A good way to get confident with giving them your answer, if it’s one you think they don’t want to hear, is to

  • Mentally rehearse doing it (Imagine the Difference)
  • Imagine yourself in their shoes and being given the answer you’re going to give and imagine how you’d respond (most of us will happily hear someone saying no to us and will politely understand – and that’s exactly how someone will respond to you in reality – it’s only your imagination that makes up stories about how badly they might respond)
  • Understand that you engender more respect and credibility when you stick to boundaries and assertively say no sometimes than you do when you keep caving in to demands and requests. It’s much more indicative of someone who’s reliable, in control and on top-of-things when you're sticking to boundaries. I have a lot more respect for people who are up front and honest about what they can and can’t do than people who seem to be promising the world because they just want to be seen as a lovely person and don’t want to let you down

In my situation, I didn’t have to do any of this because I’m used to it and I know how it works. I was totally confident that, once I'd decided what I wanted to do, I could give my sister the answer that worked for me and that she would accept it. But buying myself time to reach the decision that worked for me, rather than feeling as if I was under pressure was important. When you’re first starting to practise this approach though, this practice and rehearsal stage is really important.

4. GIVE YOUR ANSWER

And stick to what you’ve decided. Get curious about how they’ll respond to you instead of worrying about it. Be prepared to calmly assert yourself (you’ll have already rehearsed this anyway). You’ll be surprised at how much people just accept what you’ve told them. Because you’ve clearly given it thought and because you’re putting things calmly and assertively, they'll just accept it.

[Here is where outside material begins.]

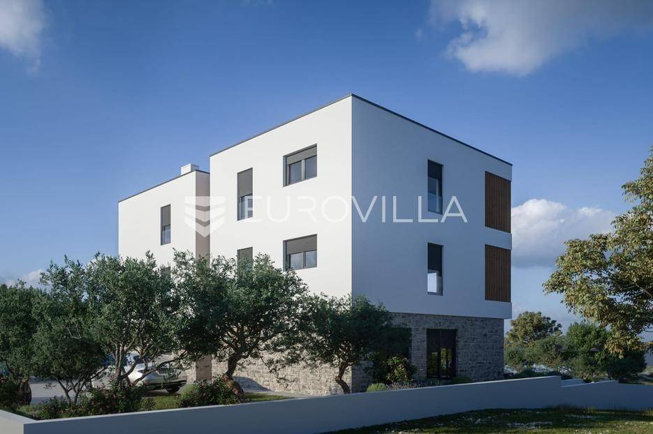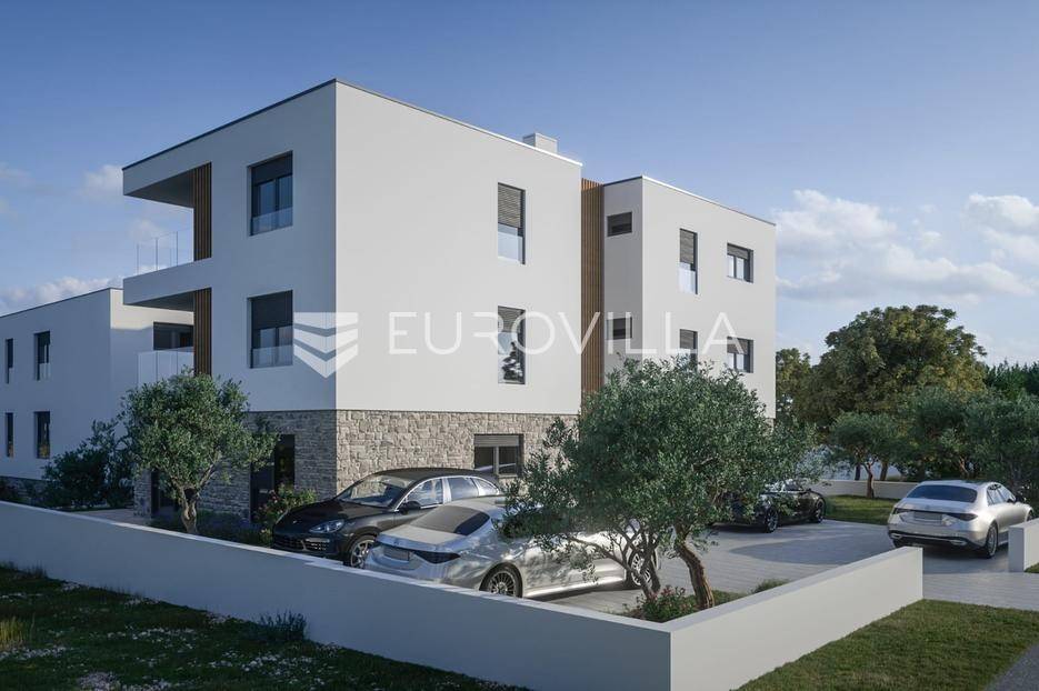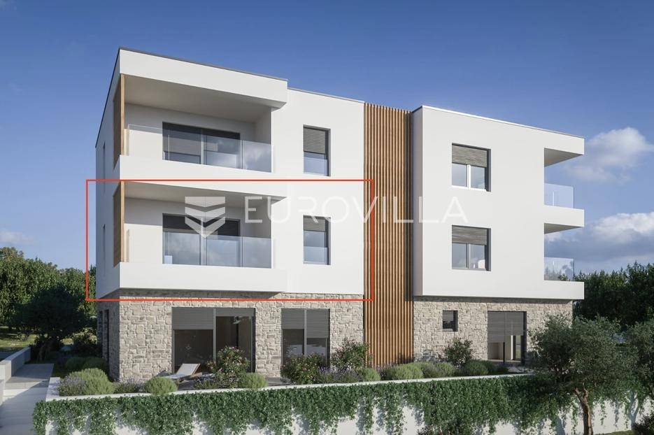 Smješten na prvom katu, u drugom redu do mora, u modernoj i kvalitetnoj novogradnji u Brodarici, ovaj funkcionalan stan nudi savršen spoj udobnosti, kvalitete i atraktivne lokacije.Stan se sastoji od ulaznog hodnika, gostinjskog WC-a, prostranog dnevnog boravka s kuhinjom i blagovaonicom, dvije spavaće sobe te jedne kupaonice. Iz dnevnog boravka i kuhinje omogućen je izlaz na natkrivenu terasu , što prostoru daje dodatnu vrijednost i osjećaj privatnosti.Orijentacija stana je južna, što osigurava obilje prirodnog svjetla tijekom cijelog dana.Nekretninu odlikuje visoka kvaliteta gradnje i opreme: aluminijska stolarija, električne rolete sa skrivenim kutijama, komarnici, protuprovalna vrata, video portafon i video nadzor. U cijelom stanu ugrađeno je podno grijanje, dok su za hlađenje predviđeni ugradbeni klima uređaji. Podne obloge čine kombinacija parketa i keramike, dok će kupaonica biti opremljena kvalitetnijom sanitarnom opremom.Planirani završetak gradnje je u prosincu 2027. godine.Nekretnina predstavlja idealnu priliku za miran obiteljski život uz more, ali i kao investicija za turistički najam.Za više informacija slobodno nas kontaktirajte.... Više na eurovilla.hr, ID: 861660

When I told my sister that I could do either Monday/Tuesday or Thursday/Friday, she made a note of it and said she’d discuss it with her partner and thanked me for getting back to her. She was happy that I’d given it the time and consideration it needed and had got back to her as I said I would. She knows she can rely on me and that I’ll do exactly what I say I’m going to do. This approach also builds trust!

Each time you follow this four-step approach and carry through with it, you’ll get more and more confident and your life will become more and more under your control.

Summary:

  1. BUY YOURSELF TIME
  2. CONSIDER AND DECIDE
  3. PRACTISE AND REHEARSE
  4. GIVE YOUR ANSWER

You can use this approach with any situation, any request, any context!